Report from Louisiana: I’m armed with a spray bottle and a rag.

By:  Pat Austin

SHREVEPORT – Admittedly, I am more than a little obsessed with reading about coronavirus and learning everything I can about mitigating the spread in my classroom as I prepare to return to in-person classes soon. The medical and research community is learning so much about the virus, how it spreads, and how we treat it every single day. What we thought we knew in May or June is already out of date.

I’ve been increasingly alarmed about returning to the classroom as regular readers of my posts know. My classroom usually holds 27 kids, it has no ventilation, and the windows don’t open. There is one door. It is a small room, as classrooms go, and so 25 kids in there is a wall to wall, but we always push those limits. I am told this year, as long as Louisiana is in Phase 2, there will be no more than ten students in the room at a time.

Every teacher will be supplied with one spray bottle of HALT, a hospital grade cleaner and disinfectant, and one microfiber rag. We are to use this rag to clean desks between classes, for the entire week, then the rag will be washed.

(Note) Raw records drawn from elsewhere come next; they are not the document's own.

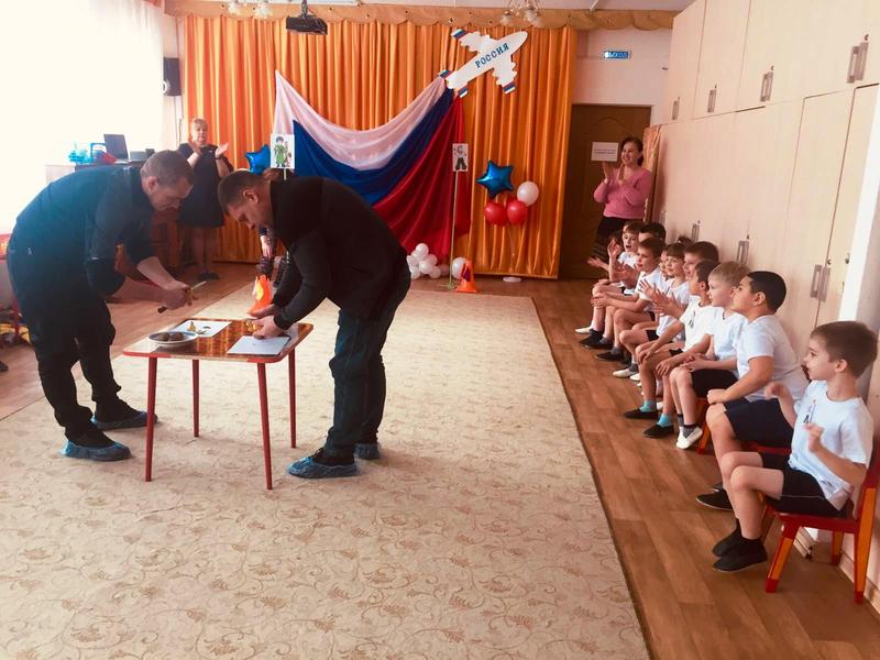 участниками праздника стали отцы детсадовцев. Ребята разделились на две
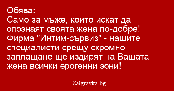 Само за мъже, които искат да опознаят своята жена по-добре! Фирма "Интим-сървиз" - нашите специалисти срещу скромно заплащане ще издирят на Вашата жена всички ерогенни зони!
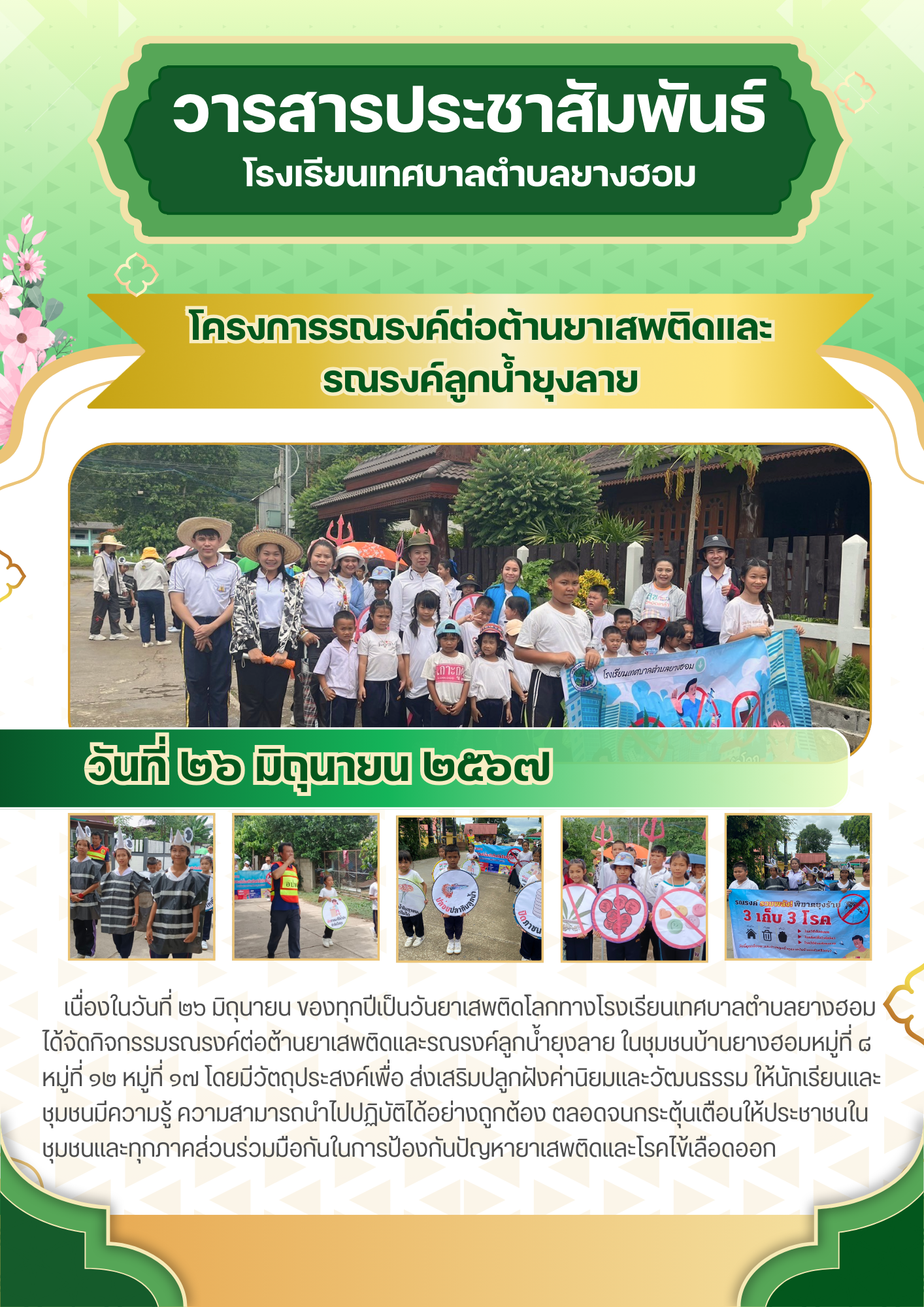 #โรงเรียนเทศบาลตำบลยางฮอม โดยการบริหารงานของ #นางลาวรรญ ธนรุ่งเรืองเดช #นายกเทศมนตรีตำบลยางฮอม ได้จัดทำโครงการรณรงค์ต่อต้านยาเสพติดและกำจัดลูกน้ำยุงลาย ในชุมชนบ้านยางฮอมหมู่ที่ 8 หมู่ที่ 12 และหมู่ที่ 17 เพื่อเป็นการส่งเสริมและปลูกฝังค่านิยมและวัฒนธรรม ให้นักเรียนและชุมชนมีความรู้ ความสามารถนำไปปฏิบัติได้อย่างถูกต้อง ตลอดจนกระตุ้นเตือนให้ประชาชนในชุมชนและทุกภาคส่วนร่วมมือกันในการป้องกันปัญหายาเสพติดและโรคไข้เลือดออก

Every teacher will be provided with a cloth mask, and disposable masks will be available to students who do not have a mask. Masks will be mandatory for all, but “flexibility is expected,” assumingly for students with asthma and other medical conditions.

And pretty much, that’s it.  Good luck.

I’m honestly not sure how long we will be in school; as schools across the country are beginning to open up it does not seem to be going well. In Indiana, there was an issue on Day One at Greenfield Central when an infected student came to school. Also in Indiana, Elwood Senior High School is closing for one week because a staff member was positive for Covid.

White House coronavirus task force coordinator Dr. Deborah Birx said on Sunday that “areas with high caseloads and active community spread should ‘distance learn at this moment so we can get this epidemic under control.’” In Louisiana, our community spread rate has been in the upper 90% consistently.

So, I’m kind of resigned at this point; I’ll go back into my classroom which will in no way resemble the normal classroom that everyone wants to return to. It will be distance learning in person. I won’t be able to consult one on one with kids who need help because I can’t get that close to them.  I won’t be able to walk through the room to monitor work or behavior. There can be no fun group projects or activities.

And then someone will get sick; I hope it’s not the teacher on the third floor who has been doing chemo. I hope it’s not the teacher who gets pneumonia every year and struggles with respiratory issues. I hope it’s not the teacher with an auto-immune disease on my floor. I hope it’s not any of the students. I hope it’s not me. I hope none of us bring it home to at-risk family members.

And you know, there are these people who say that teachers are griping and worrying for nothing, that we are lazy and just don’t want to go to work. They point out that retail workers and grocery workers, hospital workers and law enforcement, have been working all along. This is true. They have. And thank goodness for that.

But which of them works in a small, unventilated room enclosed with 10 to 25 people, for six hours a day, for 60 to 90 minutes at a time? Not to take away from what other groups are doing at all, but what we are about to ask of teachers is unprecedented.

So. Armed with my spray bottle, my mask, and my microfiber rag, I’m expected to do what Major League Baseball can’t even do: protect my charges from a pandemic. With all of their money, and all of their resources, MLB can’t protect their million dollar investments.

But me and my spray bottle will try.

Pat Austin blogs at And So it Goes in Shreveport and is the author of Cane River Bohemia: Cammie Henry and her Circle at Melrose Plantation. Follow her on Instagram @patbecker25 and Twitter @paustin110.

One thought on “Report from Louisiana: I’m armed with a spray bottle and a rag.

  1. How involved are you in using your spray bottle and rag to prevent the spread of the common cold? Or the annual flu? Those things will make your children just as sick as will the Coronavirus.

    There is a chance that one of your children will get very sick, but then there is a chance that one will get hit by a stray meteor, too.

    There is a chance that one of your children will infect his grandmother. That is the family’s responsibility, not yours.

    Controlling this virus requires mental therapy.